Wednesday, June 26, 2013

Automated Secure Code Review Anyone?

Summary

Imagine you are given the source code for a JAVA web application with about a million lines and were asked to review the code for any vulnerabilities and report back in a week. This can turn into an interesting exercise if you are a team of one. What are your options: crowdsource, ask for mercy, do your best? Thankfully there are other options, such as automated code review software. In this post I'll talk about Checkmarx's cloud based solution that does security code analysis and use OWASP's WebGoat (v5.4) project to see how it measures up.


The Role of Automated Code Review Software

Generally speaking automated source code analysis is used to assess compliance based on a predefined set of rules or best practices. The analysis tool may provide the means for team collaboration and suggestions to fix the issues detected. The detected flaws may be displayed in a developer friendly interface quite similar to popular IDEs. Most tools use OWASP 10 and SANS Top 25 as benchmarks for application security flaws when performing their audits. Using a documentation tool, such as Doxygen to view the general structure and call graphs will provide and better understanding when tracking the issues detected by the analysis tool. As with any automated security solutions, an analyst should expect to have false positives in the results and be ready to eliminate them. Also the analyst should keep in mind that business logic flaws or insecure use of software libraries will not be detected by these automated tools.

Looking at Checkmarx CxCloud On Demand

Checkmarx's web/cloud based secure code analysis solution provides analysis for JAVA, C#, PHP, C, C++, Visual Basic 6.0, VB.NET, Flash, APEX, Ruby, JavaScript, Perl, Objective C, PL/SQL, HTML5 source code so it should be able to handle WebGoat without any issues. CheckMarx also is able to detect OWASP Top 10 vulnerabilities and other high risk flaws, which is great for this test run.

OWASP WebGoat UI
After signing up for a free trial account, which supports the audit of applications up to 50K lines of code, we can easily create a project and upload the zipped war file.

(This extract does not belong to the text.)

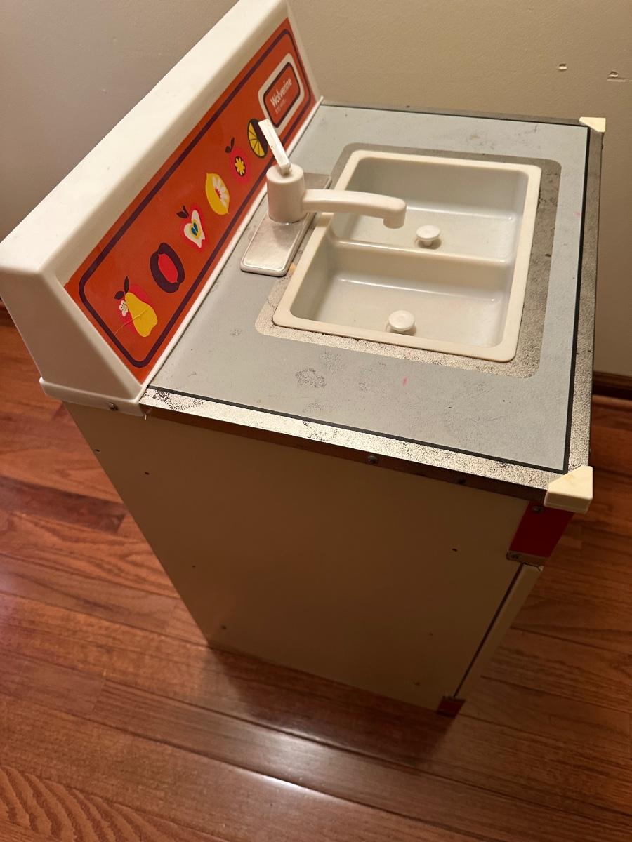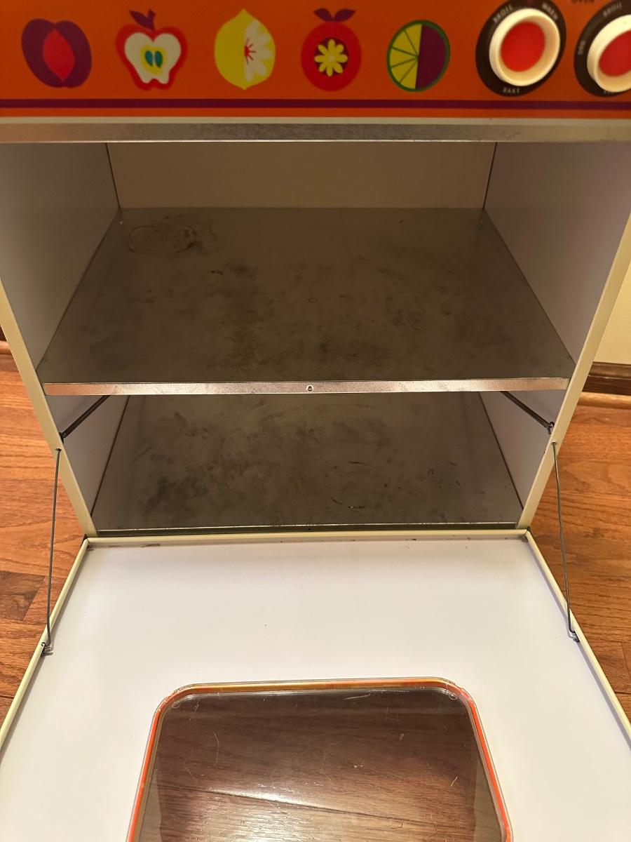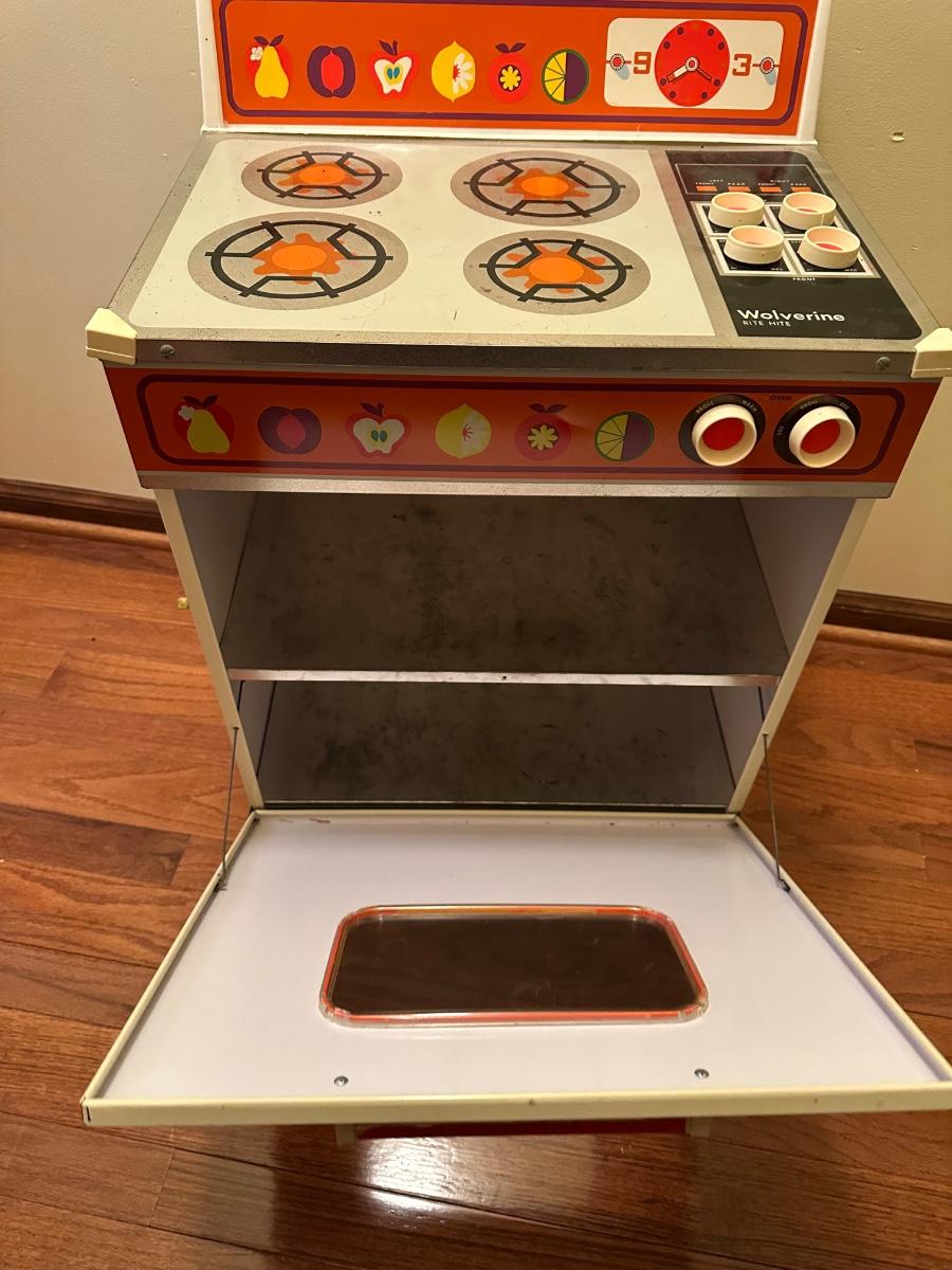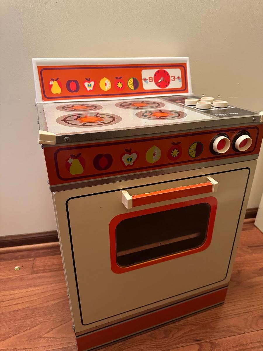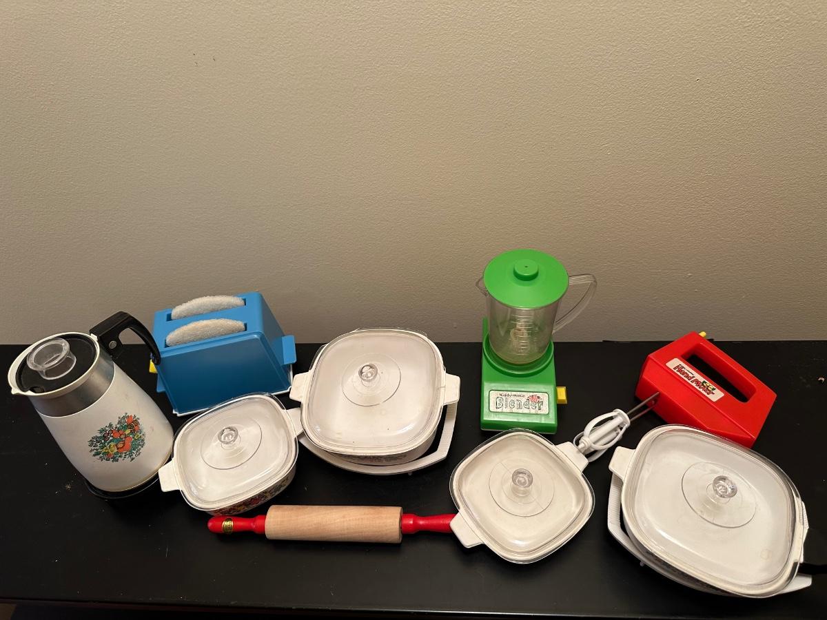 Also included dishes, play mixer, toaster blender and rolling pin.

Define Parameters and Upload Code

The upload and analysis of WebGoat took about 15 minutes and can vary depending connectivity and the load on the analysis system though theoretically load shouldn't be an issue since this is a scalable cloud based solution. At first glance it appears that the application is at 100% risk, with 514 high risk flaws, surprise!

Dashboard

The breakdown of these flaws suggests that the application has a problem with input validation since the high risk vulnerabilities are mostly composed of XSS, SQL injection, and other injection type vulnerabilities. Not surprisingly medium risk vulnerabilities include XSRF, parameter tampering, and more XSS.

Scan Summary

Drilling down on these reported issues can be accomplished by clicking on the "Open Code Viewer" button and this takes the analyst to the IDE like drill down view. The UI shows the code with the vulnerability at the bottom pane and the associated chain of code under the "Attack Vector" section, which saves time while eliminating false positives.  To mark a finding as false positive, the analyst only has to check the box of the item in the "Results Table" and change its result state to "not exploitable." One shortcoming of this view is that it can't show the use of a vulnerable class in other classes of the application so an analyst needs to manually scan for the reuse of this code.

Code Viewer
One great feature of this view is that the ‘Flow Chart’ tab will track the use of the vulnerable class and function across all other classes and let see the actual extent of the problem. 

Flow Chart View

So how does it measure up on an easy target as WebGoat? It depends... WebGoat has both real and simulated vulnerabilities and this makes it difficult to evaluate the findings. Also some vulnerabilities, such as 'Forgot Password' are business logic flaws that can't be detected by the analysis tool.

On the other hand, Checkmarx CxCloud definitely shines in detecting XSS, SQL injection, various other injections, parameter tampering, hard coded credentials, application configuration issues, bad crypto usage, and session mismanagement.

Conclusion

Checkmarx CxCloud, with its slick UI, intuitive drilldown views and inclusion of security best practices, is a great help for developers that want to integrate security into their SDLC. It will find the most of the trivial vulnerabilities and sometimes surprise you by tracking down a manually hard to trace rouge code. The free trial account is easy to setup and use. So all you have to keep in mind while using this tool is that business logic flaws could always be lurking behind the scenes and that manual inspection of the code is always necessary.